[Stored items from a collection]
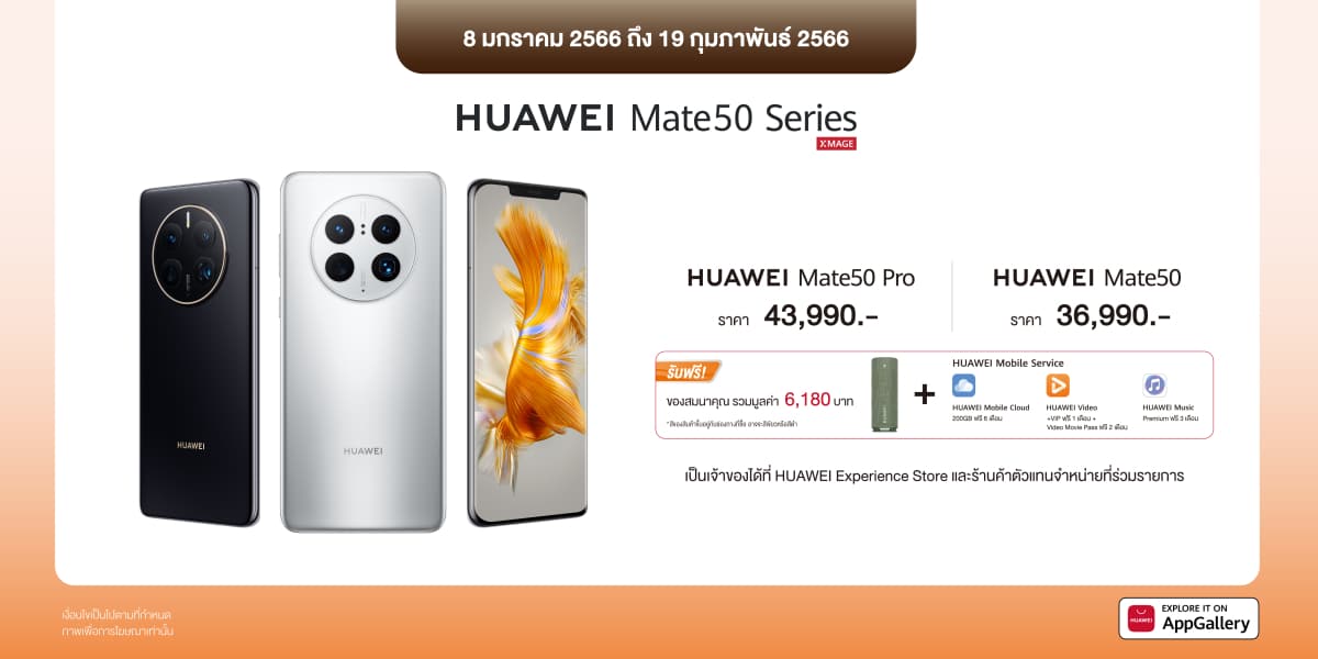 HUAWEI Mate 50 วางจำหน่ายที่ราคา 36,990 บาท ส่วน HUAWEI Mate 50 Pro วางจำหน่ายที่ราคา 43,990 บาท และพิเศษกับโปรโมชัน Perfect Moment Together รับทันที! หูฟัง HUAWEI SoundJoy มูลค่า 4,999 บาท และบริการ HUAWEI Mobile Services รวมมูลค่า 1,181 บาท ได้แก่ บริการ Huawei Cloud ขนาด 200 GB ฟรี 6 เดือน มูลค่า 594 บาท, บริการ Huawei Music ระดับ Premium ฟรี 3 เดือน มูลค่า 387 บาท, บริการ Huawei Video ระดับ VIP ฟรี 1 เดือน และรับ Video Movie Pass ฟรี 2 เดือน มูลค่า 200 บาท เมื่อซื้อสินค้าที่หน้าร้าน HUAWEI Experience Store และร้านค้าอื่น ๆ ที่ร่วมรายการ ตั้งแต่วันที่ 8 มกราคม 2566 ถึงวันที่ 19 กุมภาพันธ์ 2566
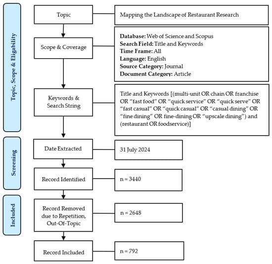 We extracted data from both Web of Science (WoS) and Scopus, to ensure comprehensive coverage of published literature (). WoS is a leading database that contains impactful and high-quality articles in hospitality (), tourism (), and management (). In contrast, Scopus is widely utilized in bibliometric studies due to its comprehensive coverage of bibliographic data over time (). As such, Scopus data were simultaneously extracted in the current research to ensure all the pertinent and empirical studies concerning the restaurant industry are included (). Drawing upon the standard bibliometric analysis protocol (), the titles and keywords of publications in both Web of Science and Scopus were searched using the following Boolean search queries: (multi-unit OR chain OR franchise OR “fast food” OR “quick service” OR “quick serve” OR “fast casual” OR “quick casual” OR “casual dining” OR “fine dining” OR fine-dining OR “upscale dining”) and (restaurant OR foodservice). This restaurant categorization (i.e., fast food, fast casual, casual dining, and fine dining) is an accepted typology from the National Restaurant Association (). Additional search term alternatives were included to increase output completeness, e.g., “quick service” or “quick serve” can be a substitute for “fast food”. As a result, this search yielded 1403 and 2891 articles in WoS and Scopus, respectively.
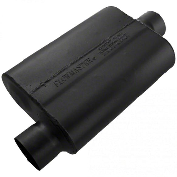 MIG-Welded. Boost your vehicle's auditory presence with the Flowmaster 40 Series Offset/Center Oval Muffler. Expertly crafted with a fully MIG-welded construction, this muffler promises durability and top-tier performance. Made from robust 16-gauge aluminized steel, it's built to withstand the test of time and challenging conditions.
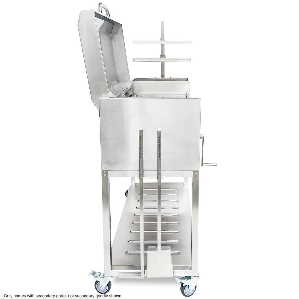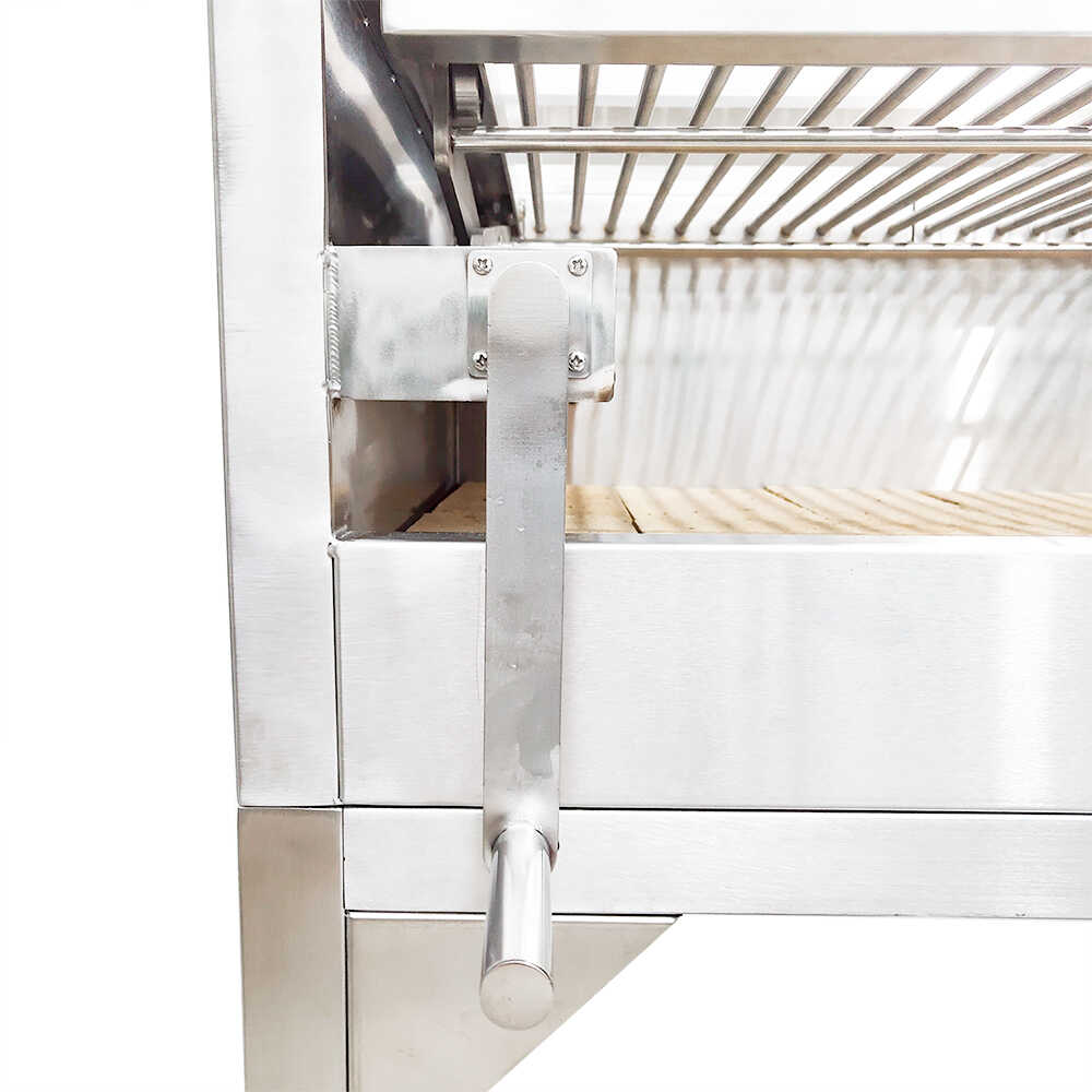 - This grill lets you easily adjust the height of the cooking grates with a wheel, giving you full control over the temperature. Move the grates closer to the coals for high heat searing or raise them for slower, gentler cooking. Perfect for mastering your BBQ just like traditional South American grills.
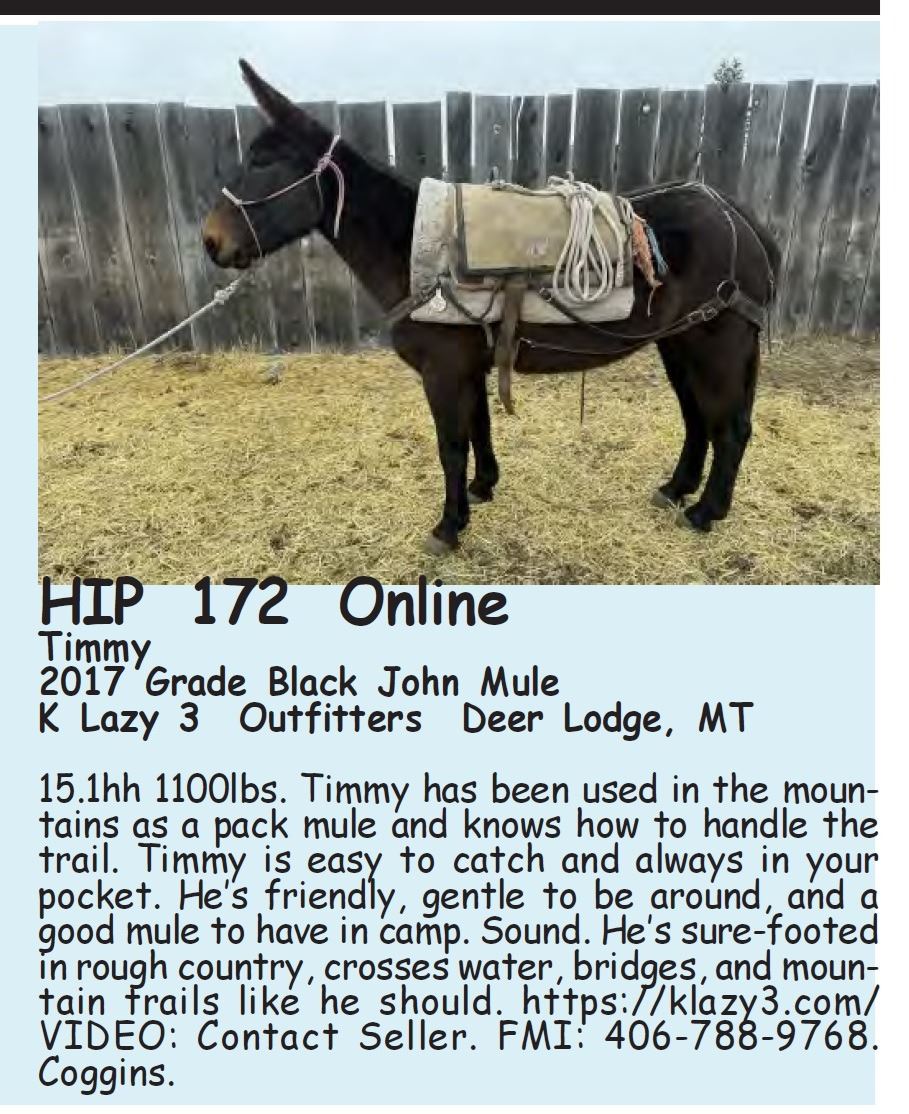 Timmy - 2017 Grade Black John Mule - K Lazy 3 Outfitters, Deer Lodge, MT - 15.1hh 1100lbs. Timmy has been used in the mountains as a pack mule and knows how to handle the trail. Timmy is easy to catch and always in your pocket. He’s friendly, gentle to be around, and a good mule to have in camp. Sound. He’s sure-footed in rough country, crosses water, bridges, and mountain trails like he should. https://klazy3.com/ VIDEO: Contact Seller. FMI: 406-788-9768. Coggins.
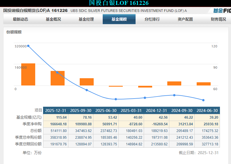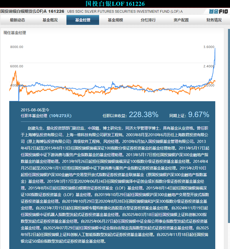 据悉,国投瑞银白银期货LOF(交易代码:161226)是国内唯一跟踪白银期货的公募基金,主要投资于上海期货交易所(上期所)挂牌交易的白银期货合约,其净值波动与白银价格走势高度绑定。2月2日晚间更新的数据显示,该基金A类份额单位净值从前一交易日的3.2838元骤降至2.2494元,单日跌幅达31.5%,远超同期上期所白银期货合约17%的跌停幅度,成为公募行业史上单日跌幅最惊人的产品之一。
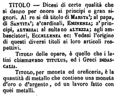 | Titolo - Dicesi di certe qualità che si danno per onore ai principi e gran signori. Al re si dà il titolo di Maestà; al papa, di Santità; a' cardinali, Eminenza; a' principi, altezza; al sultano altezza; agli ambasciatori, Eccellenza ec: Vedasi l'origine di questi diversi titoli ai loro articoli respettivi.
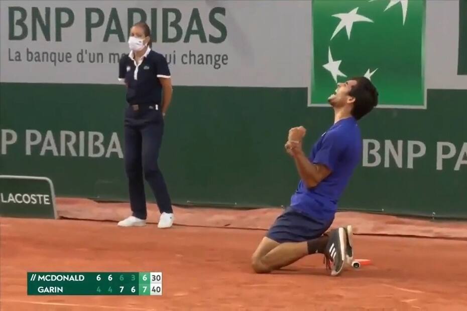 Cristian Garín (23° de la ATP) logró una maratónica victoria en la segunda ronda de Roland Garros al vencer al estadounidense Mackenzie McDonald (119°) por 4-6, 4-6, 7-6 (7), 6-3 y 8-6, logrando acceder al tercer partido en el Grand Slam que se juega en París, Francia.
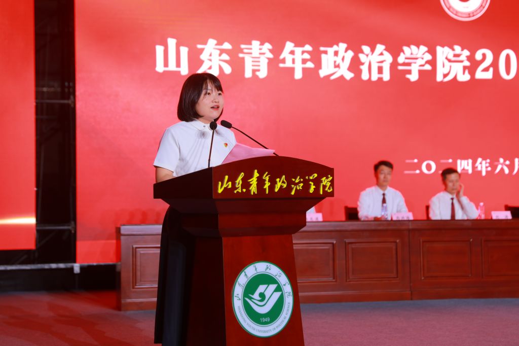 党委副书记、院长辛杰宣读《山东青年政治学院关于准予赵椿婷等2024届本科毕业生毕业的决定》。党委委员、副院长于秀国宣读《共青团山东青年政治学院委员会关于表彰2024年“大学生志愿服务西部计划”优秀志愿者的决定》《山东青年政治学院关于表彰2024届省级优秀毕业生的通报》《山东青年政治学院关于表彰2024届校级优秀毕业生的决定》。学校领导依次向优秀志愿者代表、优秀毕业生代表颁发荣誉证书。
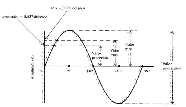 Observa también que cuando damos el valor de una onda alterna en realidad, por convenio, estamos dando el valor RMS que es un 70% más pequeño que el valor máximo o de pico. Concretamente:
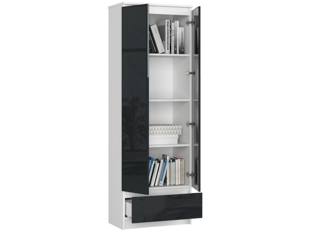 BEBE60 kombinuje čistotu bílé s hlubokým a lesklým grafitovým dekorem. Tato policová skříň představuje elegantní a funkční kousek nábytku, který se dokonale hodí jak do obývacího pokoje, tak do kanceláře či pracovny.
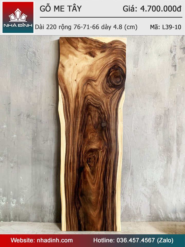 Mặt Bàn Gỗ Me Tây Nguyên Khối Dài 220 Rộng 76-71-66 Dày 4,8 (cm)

**Task:** The answer is the full set of records printed exactly, less the pictures.

**Answer section:**
 HUAWEI Mate 50 วางจำหน่ายที่ราคา 36,990 บาท ส่วน HUAWEI Mate 50 Pro วางจำหน่ายที่ราคา 43,990 บาท และพิเศษกับโปรโมชัน Perfect Moment Together รับทันที! หูฟัง HUAWEI SoundJoy มูลค่า 4,999 บาท และบริการ HUAWEI Mobile Services รวมมูลค่า 1,181 บาท ได้แก่ บริการ Huawei Cloud ขนาด 200 GB ฟรี 6 เดือน มูลค่า 594 บาท, บริการ Huawei Music ระดับ Premium ฟรี 3 เดือน มูลค่า 387 บาท, บริการ Huawei Video ระดับ VIP ฟรี 1 เดือน และรับ Video Movie Pass ฟรี 2 เดือน มูลค่า 200 บาท เมื่อซื้อสินค้าที่หน้าร้าน HUAWEI Experience Store และร้านค้าอื่น ๆ ที่ร่วมรายการ ตั้งแต่วันที่ 8 มกราคม 2566 ถึงวันที่ 19 กุมภาพันธ์ 2566
 We extracted data from both Web of Science (WoS) and Scopus, to ensure comprehensive coverage of published literature (). WoS is a leading database that contains impactful and high-quality articles in hospitality (), tourism (), and management (). In contrast, Scopus is widely utilized in bibliometric studies due to its comprehensive coverage of bibliographic data over time (). As such, Scopus data were simultaneously extracted in the current research to ensure all the pertinent and empirical studies concerning the restaurant industry are included (). Drawing upon the standard bibliometric analysis protocol (), the titles and keywords of publications in both Web of Science and Scopus were searched using the following Boolean search queries: (multi-unit OR chain OR franchise OR “fast food” OR “quick service” OR “quick serve” OR “fast casual” OR “quick casual” OR “casual dining” OR “fine dining” OR fine-dining OR “upscale dining”) and (restaurant OR foodservice). This restaurant categorization (i.e., fast food, fast casual, casual dining, and fine dining) is an accepted typology from the National Restaurant Association (). Additional search term alternatives were included to increase output completeness, e.g., “quick service” or “quick serve” can be a substitute for “fast food”. As a result, this search yielded 1403 and 2891 articles in WoS and Scopus, respectively.
 MIG-Welded. Boost your vehicle's auditory presence with the Flowmaster 40 Series Offset/Center Oval Muffler. Expertly crafted with a fully MIG-welded construction, this muffler promises durability and top-tier performance. Made from robust 16-gauge aluminized steel, it's built to withstand the test of time and challenging conditions.
 - This grill lets you easily adjust the height of the cooking grates with a wheel, giving you full control over the temperature. Move the grates closer to the coals for high heat searing or raise them for slower, gentler cooking. Perfect for mastering your BBQ just like traditional South American grills.
 Timmy - 2017 Grade Black John Mule - K Lazy 3 Outfitters, Deer Lodge, MT - 15.1hh 1100lbs. Timmy has been used in the mountains as a pack mule and knows how to handle the trail. Timmy is easy to catch and always in your pocket. He’s friendly, gentle to be around, and a good mule to have in camp. Sound. He’s sure-footed in rough country, crosses water, bridges, and mountain trails like he should. https://klazy3.com/ VIDEO: Contact Seller. FMI: 406-788-9768. Coggins.
 据悉,国投瑞银白银期货LOF(交易代码:161226)是国内唯一跟踪白银期货的公募基金,主要投资于上海期货交易所(上期所)挂牌交易的白银期货合约,其净值波动与白银价格走势高度绑定。2月2日晚间更新的数据显示,该基金A类份额单位净值从前一交易日的3.2838元骤降至2.2494元,单日跌幅达31.5%,远超同期上期所白银期货合约17%的跌停幅度,成为公募行业史上单日跌幅最惊人的产品之一。
 | Titolo - Dicesi di certe qualità che si danno per onore ai principi e gran signori. Al re si dà il titolo di Maestà; al papa, di Santità; a' cardinali, Eminenza; a' principi, altezza; al sultano altezza; agli ambasciatori, Eccellenza ec: Vedasi l'origine di questi diversi titoli ai loro articoli respettivi.
 Cristian Garín (23° de la ATP) logró una maratónica victoria en la segunda ronda de Roland Garros al vencer al estadounidense Mackenzie McDonald (119°) por 4-6, 4-6, 7-6 (7), 6-3 y 8-6, logrando acceder al tercer partido en el Grand Slam que se juega en París, Francia.
 党委副书记、院长辛杰宣读《山东青年政治学院关于准予赵椿婷等2024届本科毕业生毕业的决定》。党委委员、副院长于秀国宣读《共青团山东青年政治学院委员会关于表彰2024年“大学生志愿服务西部计划”优秀志愿者的决定》《山东青年政治学院关于表彰2024届省级优秀毕业生的通报》《山东青年政治学院关于表彰2024届校级优秀毕业生的决定》。学校领导依次向优秀志愿者代表、优秀毕业生代表颁发荣誉证书。
 Observa también que cuando damos el valor de una onda alterna en realidad, por convenio, estamos dando el valor RMS que es un 70% más pequeño que el valor máximo o de pico. Concretamente:
 BEBE60 kombinuje čistotu bílé s hlubokým a lesklým grafitovým dekorem. Tato policová skříň představuje elegantní a funkční kousek nábytku, který se dokonale hodí jak do obývacího pokoje, tak do kanceláře či pracovny.
 Mặt Bàn Gỗ Me Tây Nguyên Khối Dài 220 Rộng 76-71-66 Dày 4,8 (cm)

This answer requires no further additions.